= Beginning of Section =

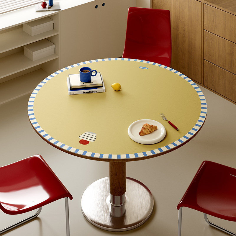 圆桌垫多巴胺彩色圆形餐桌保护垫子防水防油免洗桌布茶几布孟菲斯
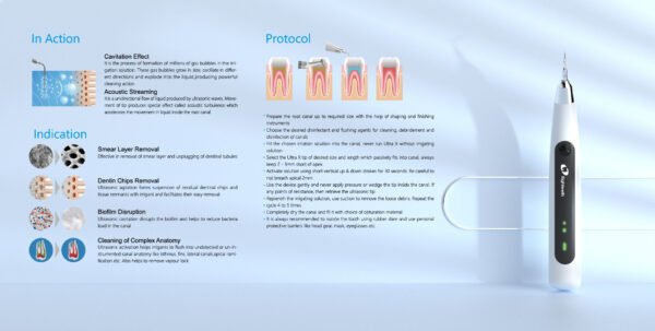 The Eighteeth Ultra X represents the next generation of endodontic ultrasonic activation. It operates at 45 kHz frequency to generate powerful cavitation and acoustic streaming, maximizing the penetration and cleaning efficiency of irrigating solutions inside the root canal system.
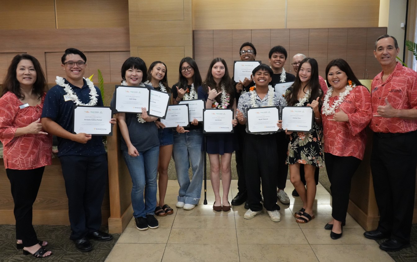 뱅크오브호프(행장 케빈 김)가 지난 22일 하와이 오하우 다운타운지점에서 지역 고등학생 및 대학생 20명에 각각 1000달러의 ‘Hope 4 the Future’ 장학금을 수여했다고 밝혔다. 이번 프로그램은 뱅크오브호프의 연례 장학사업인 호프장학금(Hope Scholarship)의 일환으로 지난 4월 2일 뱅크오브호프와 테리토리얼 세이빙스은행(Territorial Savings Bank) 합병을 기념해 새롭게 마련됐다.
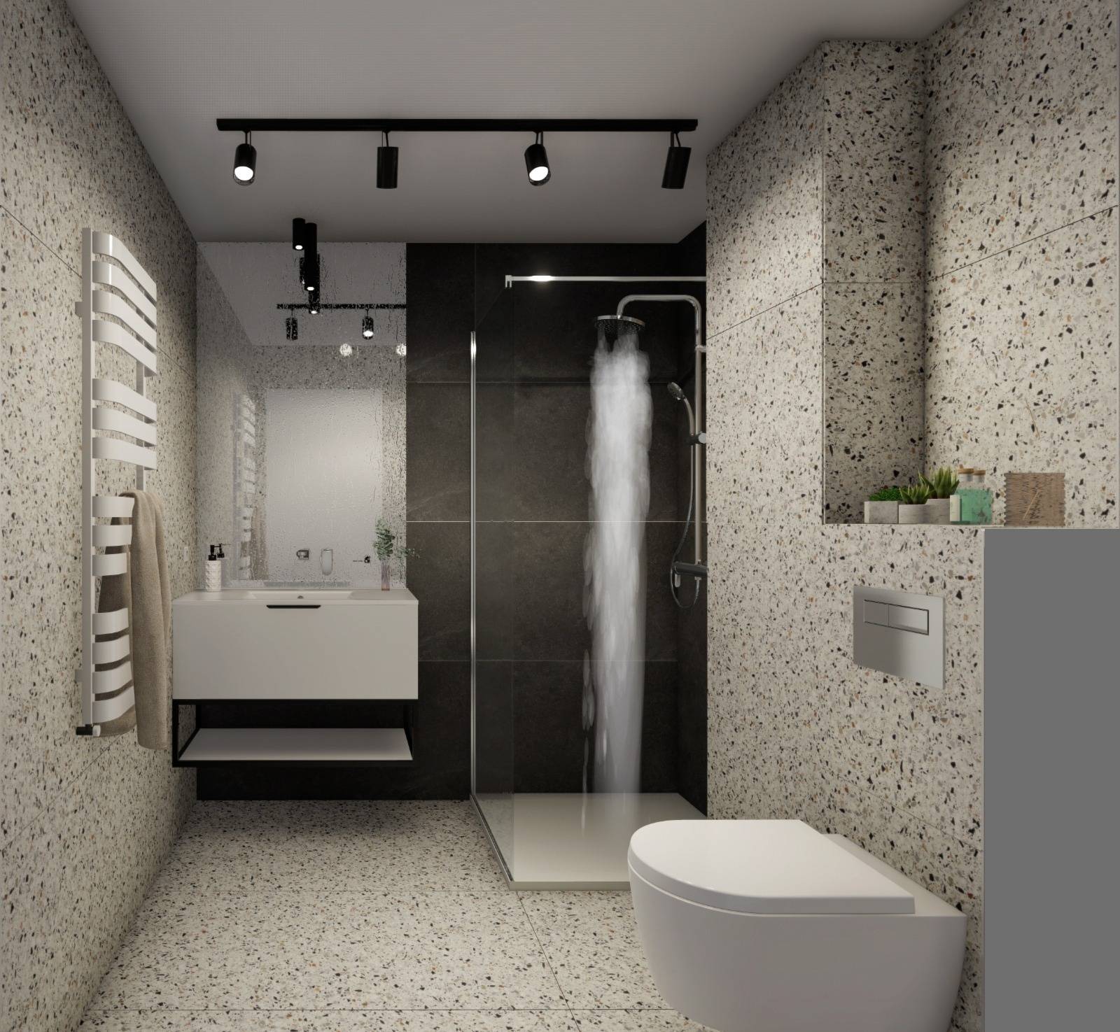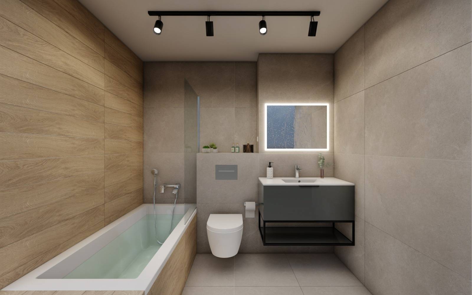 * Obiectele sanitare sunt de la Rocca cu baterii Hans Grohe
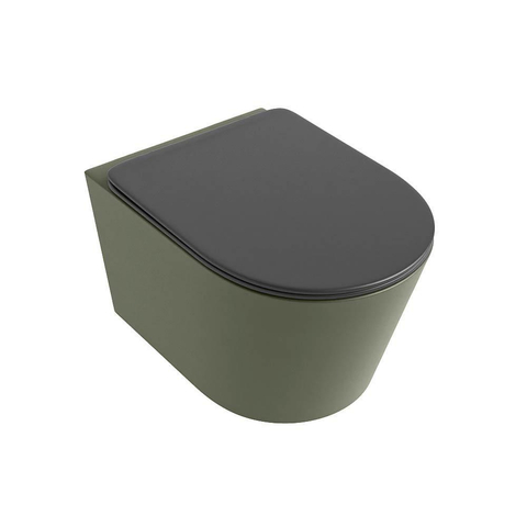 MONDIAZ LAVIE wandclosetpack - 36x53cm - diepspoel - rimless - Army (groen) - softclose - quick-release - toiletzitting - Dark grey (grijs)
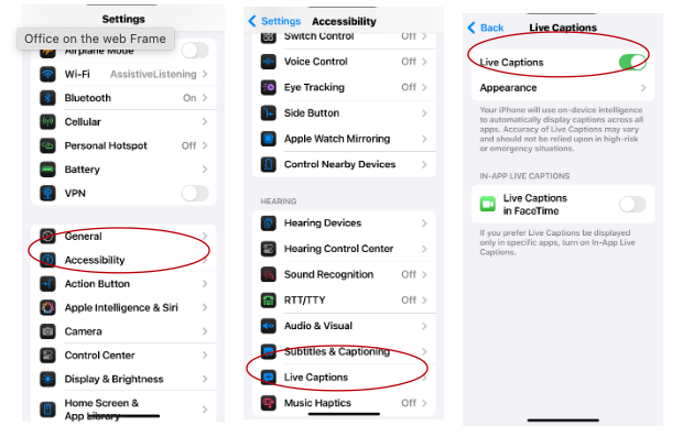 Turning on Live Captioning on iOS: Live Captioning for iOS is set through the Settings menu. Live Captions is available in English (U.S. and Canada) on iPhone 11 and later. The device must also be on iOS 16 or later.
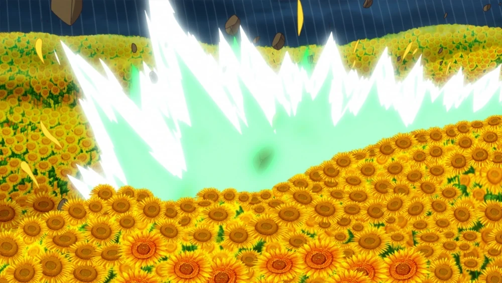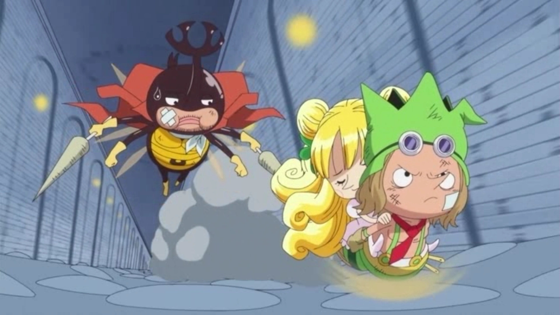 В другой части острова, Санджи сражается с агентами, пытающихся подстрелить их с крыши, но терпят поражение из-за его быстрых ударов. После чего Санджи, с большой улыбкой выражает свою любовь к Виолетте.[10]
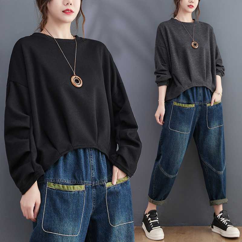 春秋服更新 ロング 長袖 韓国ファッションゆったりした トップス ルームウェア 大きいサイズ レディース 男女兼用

= End of Section =
= Beginning of Section =

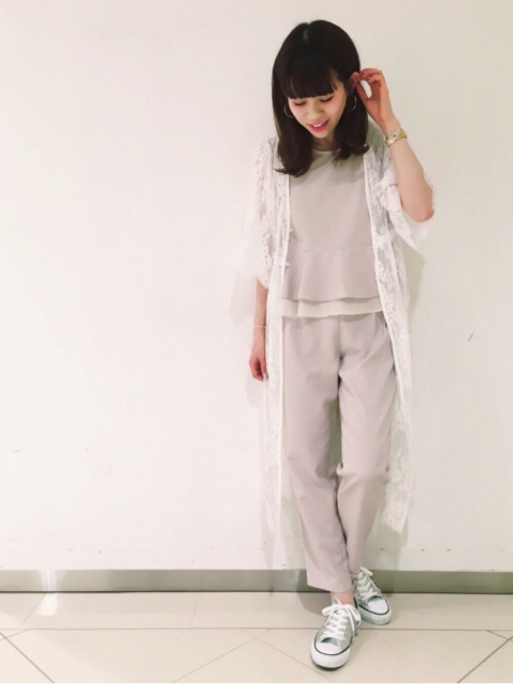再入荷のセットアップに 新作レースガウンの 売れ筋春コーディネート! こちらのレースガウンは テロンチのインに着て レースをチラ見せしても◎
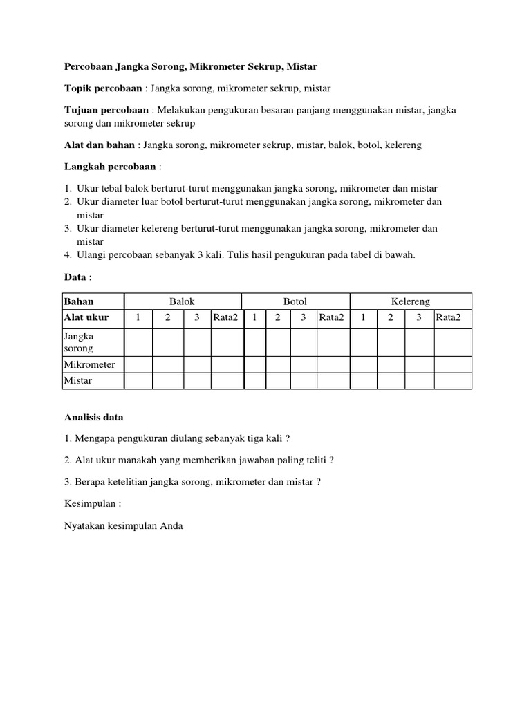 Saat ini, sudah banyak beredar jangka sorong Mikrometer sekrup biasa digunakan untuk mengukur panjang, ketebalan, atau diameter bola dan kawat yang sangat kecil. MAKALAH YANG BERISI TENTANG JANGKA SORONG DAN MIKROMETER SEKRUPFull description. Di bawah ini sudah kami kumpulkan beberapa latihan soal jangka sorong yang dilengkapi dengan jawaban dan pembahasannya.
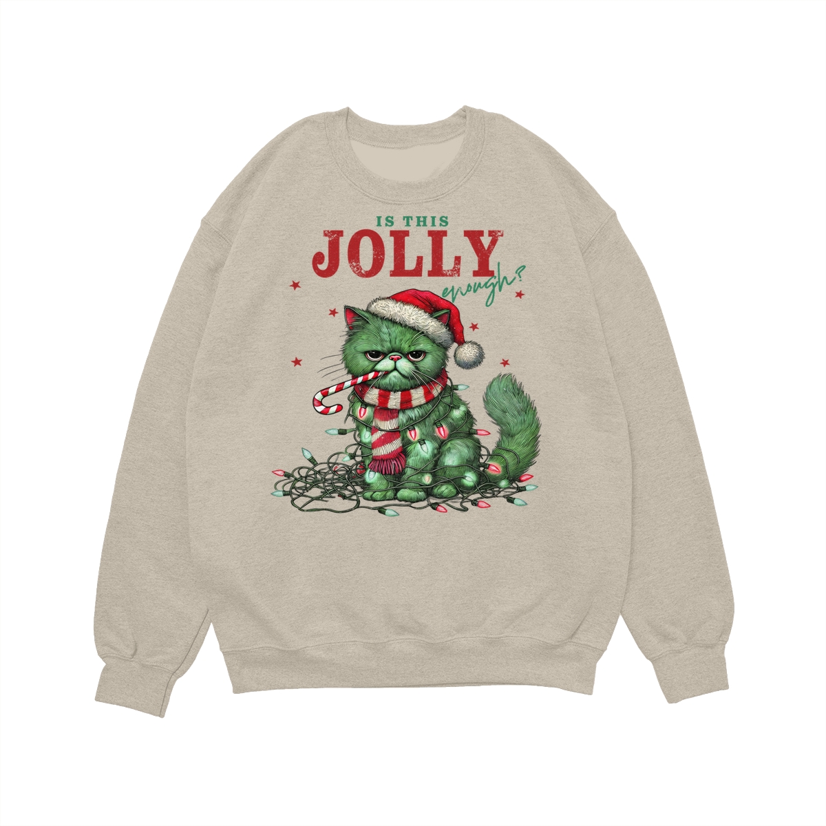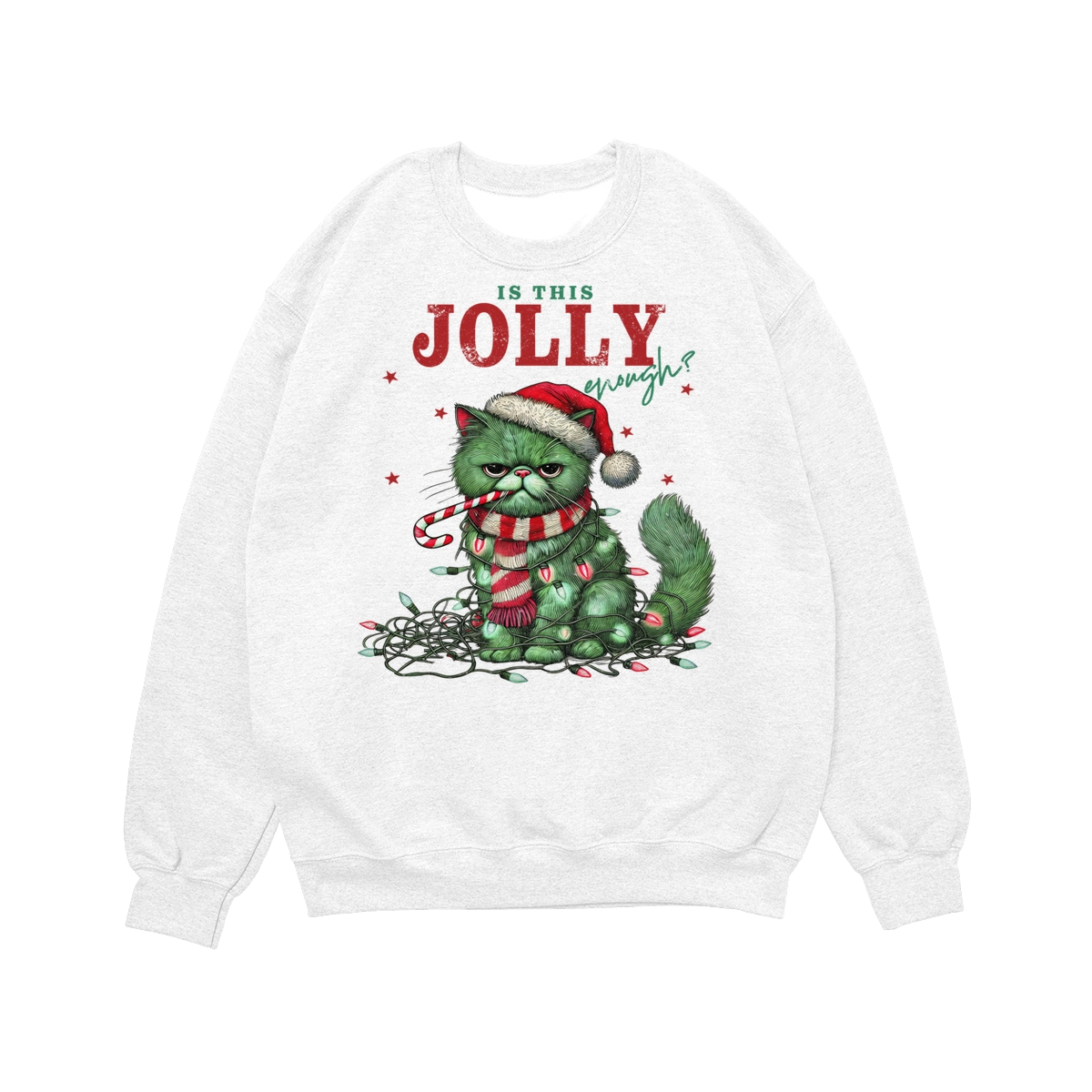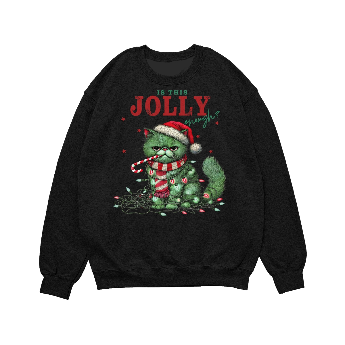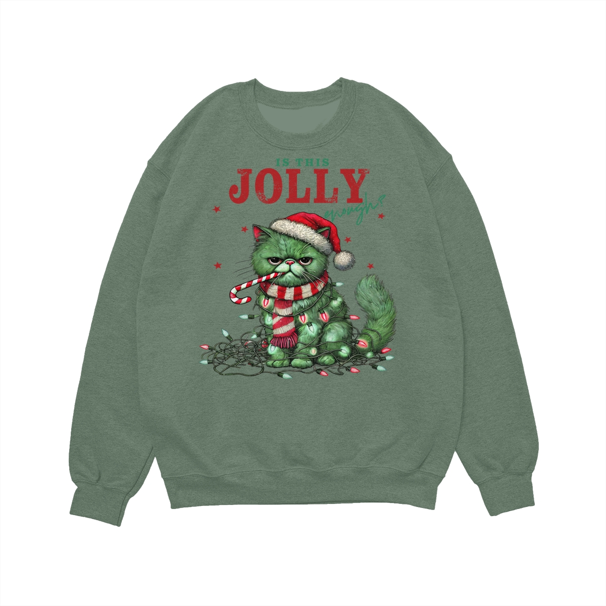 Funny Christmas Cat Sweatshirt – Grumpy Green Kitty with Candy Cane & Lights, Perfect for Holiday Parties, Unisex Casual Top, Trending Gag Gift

= End of Section =

Each line between the one holding "圆桌垫多巴胺彩色圆形餐桌保护垫子防水防油免洗桌布茶几布孟菲斯" and the one holding "MONDIAZ LAVIE wandclosetpack", inclusive, should be copied exactly as it appears above, and pictures should be omitted.

RESPONSE TO THIS EXERCISE
 圆桌垫多巴胺彩色圆形餐桌保护垫子防水防油免洗桌布茶几布孟菲斯
 The Eighteeth Ultra X represents the next generation of endodontic ultrasonic activation. It operates at 45 kHz frequency to generate powerful cavitation and acoustic streaming, maximizing the penetration and cleaning efficiency of irrigating solutions inside the root canal system.
 뱅크오브호프(행장 케빈 김)가 지난 22일 하와이 오하우 다운타운지점에서 지역 고등학생 및 대학생 20명에 각각 1000달러의 ‘Hope 4 the Future’ 장학금을 수여했다고 밝혔다. 이번 프로그램은 뱅크오브호프의 연례 장학사업인 호프장학금(Hope Scholarship)의 일환으로 지난 4월 2일 뱅크오브호프와 테리토리얼 세이빙스은행(Territorial Savings Bank) 합병을 기념해 새롭게 마련됐다.
 * Obiectele sanitare sunt de la Rocca cu baterii Hans Grohe
 MONDIAZ LAVIE wandclosetpack - 36x53cm - diepspoel - rimless - Army (groen) - softclose - quick-release - toiletzitting - Dark grey (grijs)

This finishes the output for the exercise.